Protein homogenates were prepared in the presence of inhibitors of phosphatases (Sigma-Aldrich) and proteases (Roche Applied Science, Penzberg, Germany). Protein concentration of the samples was measured using the Pierce BCA Protein Assay Kit (Thermo Scientific, 23227, Rockford, IL, USA). Proteins were detected by immunoblotting using horseradish peroxidase-conjugated secondary antibodies and chemiluminescence (Santa Cruz Biotechnology). Protein samples were ran on SDS-PAGE (12%) gels.
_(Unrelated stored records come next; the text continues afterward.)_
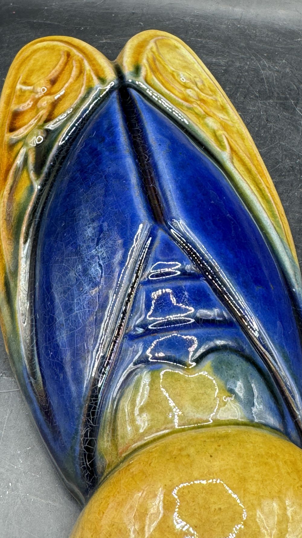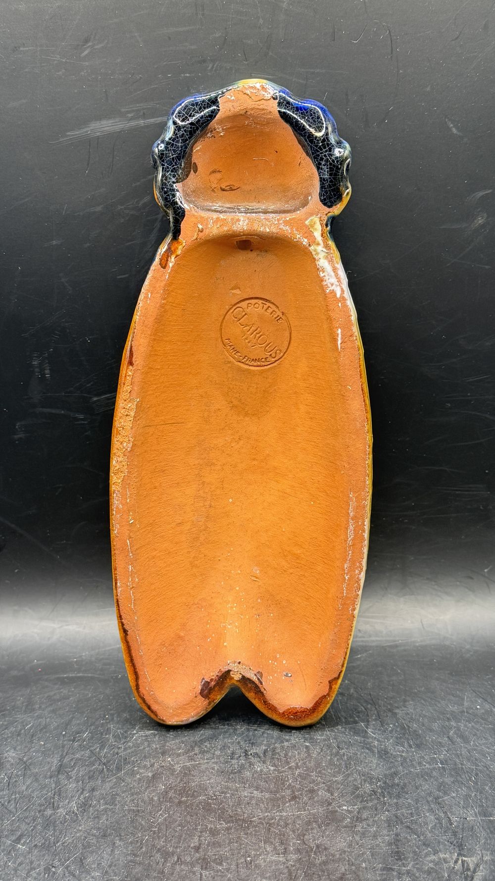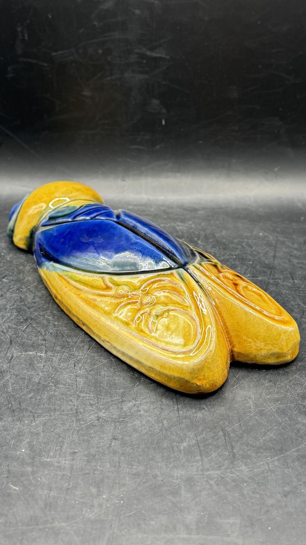 Cigale provençale grand modèle en terre cuite vernissée bleue et jaune – Pièce unique de chez Clarous – Made in France – Collection – Décoration
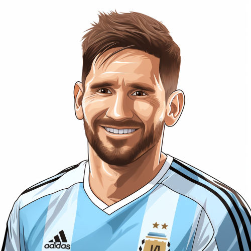 cartoon animated headshot of lionel messi smiling wearing a light blue jersey isolated on a white background
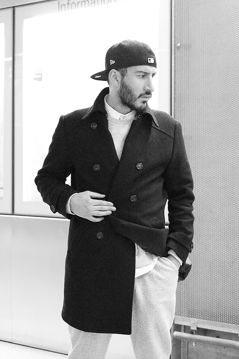 Ich schwöre, es ist ein komischer Zufall, aber das ist mittlerweile der dritte Look mit Joggern in Folge. Aber ganz ehrlich, was eignet sich denn besser für ne schnelle Stadttour für die letzten X-Mas-Goodies? Aber auch, dass ich die Dinger einfach zu gerne mit klassischen Mänteln trage, ist der Grund für die verschiedenen Variationen. Zweifellos finde ich die Kombination von hellen grauen Sweatpants und -shirts mit silbernen Sneakern perfekt.
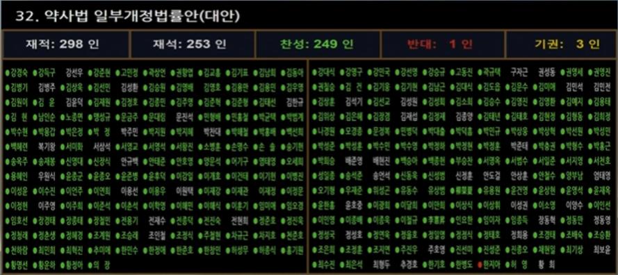 약사법 개정안 국회의원별 찬·반 표결 현황. 사진=국회인터넷의사중계시스템
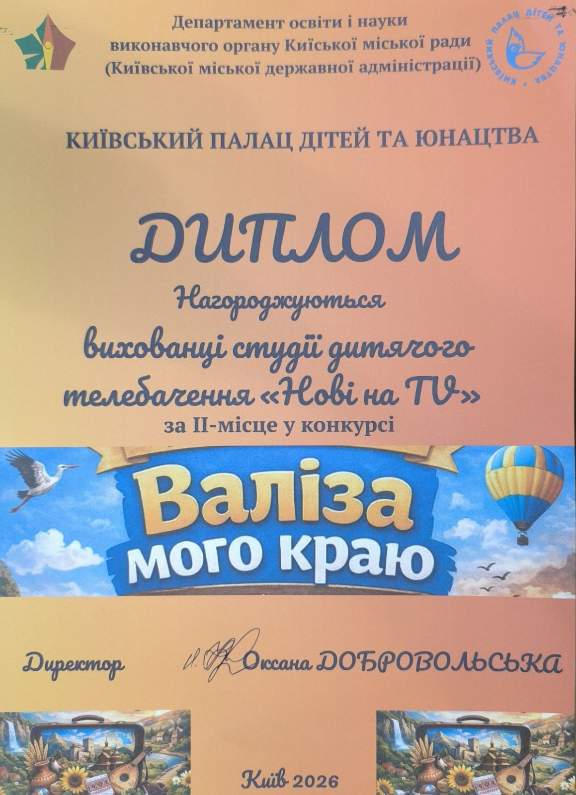Щиро пишаємося творчим баченням нашої вихованки, талановитістю всієї команди та професійною підготовкою наставниці — керівниці студії дитячого телебачення «Нові на TV», викладачки Коновалової Олени Василівни.

Gels were blotted onto PVDF membranes by transfer at a constant 35 volts overnight at 4 °C. The membranes were then blocked by nonfat dry milk solution (5%) in 1× TBS (Tris Buffered Saline) with Tween 20 (0.4%) and incubated in desired primary antibody overnight. Membranes were then washed in 1× TBS with Tween 20 (0.4%) three times, 5 min each before incubating with the secondary antibody for 1 h at room temperature. All densitometric analyses for western blottings were performed using ImageJ 1.46r (NIH, Bethesda, MD, USA).
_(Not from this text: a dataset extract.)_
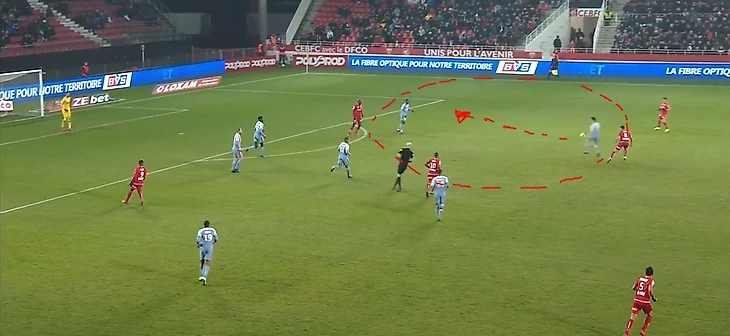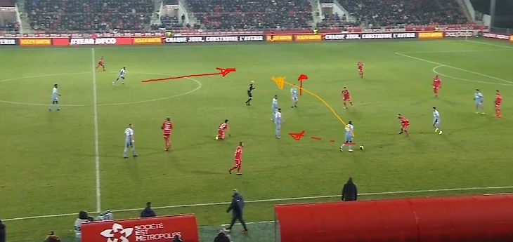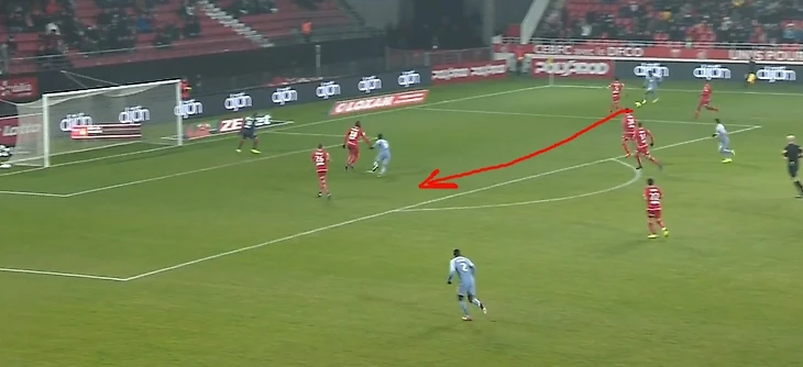 Как показательна атака Монако в этом эпизоде. Видим отличную позицию Балло на кромке поле, плюс, отличная свободная зона, которая позволяет дать моментальную передачу в край.
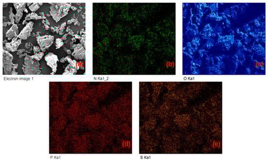 EDX analysis was performed to map the distribution of the elements of interest onto the surface of the particles, and the collected elemental maps enabled the construction of Figure 6. The EDX maps indicate that N, O, S, and P are homogeneously distributed on the surface of the particles, and these elements are the main constituents of the groups of interest for the complexation of metal cations.

Autophagic flux determination

Autophagic flux was estimated from the turnover of LC3-II and p62 as previously shown.11,30 Briefly, protein levels of LC3-II and p62 were measured by immunoblotting. The bafilomycin treatment represents a control for inhibition of autophagic flux, as indicated by the high LC3-II:p62 ratio, whereas the LC3-II:p62 ratio for the samples without drug treatment represent basal autophagy. In cells treated with bafilomycin, autophagy is impaired leading to the accumulation of autophagic vacuoles containing LC3-II owing to failure of autophagosome–lysosomal fusion. This would cause a high LC3-II:p62 value. Cells without any drug treatment have low levels or basal autophagy, where p62 levels are high, as they are not being degraded by autophagy, and LC3-II levels are low, as autophagy is not being activated. This would create a low LC3-II:p62 value. These two treatment groups represent the upper and lower bounds, respectively, for assessing autophagic flux. Therefore, any LC3-II:p62 value between the values for control (no drug treatment) and the bafilomycin-treated cells represent the activation and completion of autophagy (autophagic flux).

Co-immunoprecipitation

Cells were grown in six-well plates and sonicated in non-denaturing lysis buffer to prevent breakdown of protein–protein interactions. For 10 ml of protein extraction buffer, 2.5 ml Tris HCl (0.2 M, pH 7.5), 0.1 ml NP-40, 670 μl NaCl (1.5 M), and 6.73 ml of ddH2O were mixed. Cells were sonicated in 500 μl of cold lysis buffer for 15 s each. Next the cells were centrifuged for 20 min at 12 000 r.p.m. at 4 °C. The supernatant (protein) was aspirated, collected, and measured with the BCA assay, as mentioned earlier. Samples were incubated with desired primary antibody overnight at 4 °C. A total of 40 μl of protein A/G PLUS agarose beads (50% bead slurry) (Santa Cruz Biotechnology) was added to each sample and was rocked gently for 80–90 min at 4 °C. Immunoprecipitates were collected by centrifuging the samples at 2500 r.p.m. for 5 min at 4 °C. Pellet was saved and washed with 500 μl wash buffer, each time repeating the centrifugation step. Pellet was resuspended in 40 μl loading buffer (2×) and boiled at 100 °C for 8 min to denature the proteins and separate it from the beads. Samples were vortexed and then centrifuged for 30 s and the supernatant was collected (proteins of interest). Beads in the pellet were discarded and the supernatant was used to prepare western blotting samples that were run on an SDS-PAGE and probed with other protein of interest.

Statistical analysis

Values are given as the mean±S.E.M. The number of independent experiments and replicates is given in the figure legends. Statistical significance between values was determined by Student’s t-test or ANOVA to test the significance of variances, using Graphpad Prism 5 (La Jolla, CA, USA). A P-value <0.05 was considered to be significant.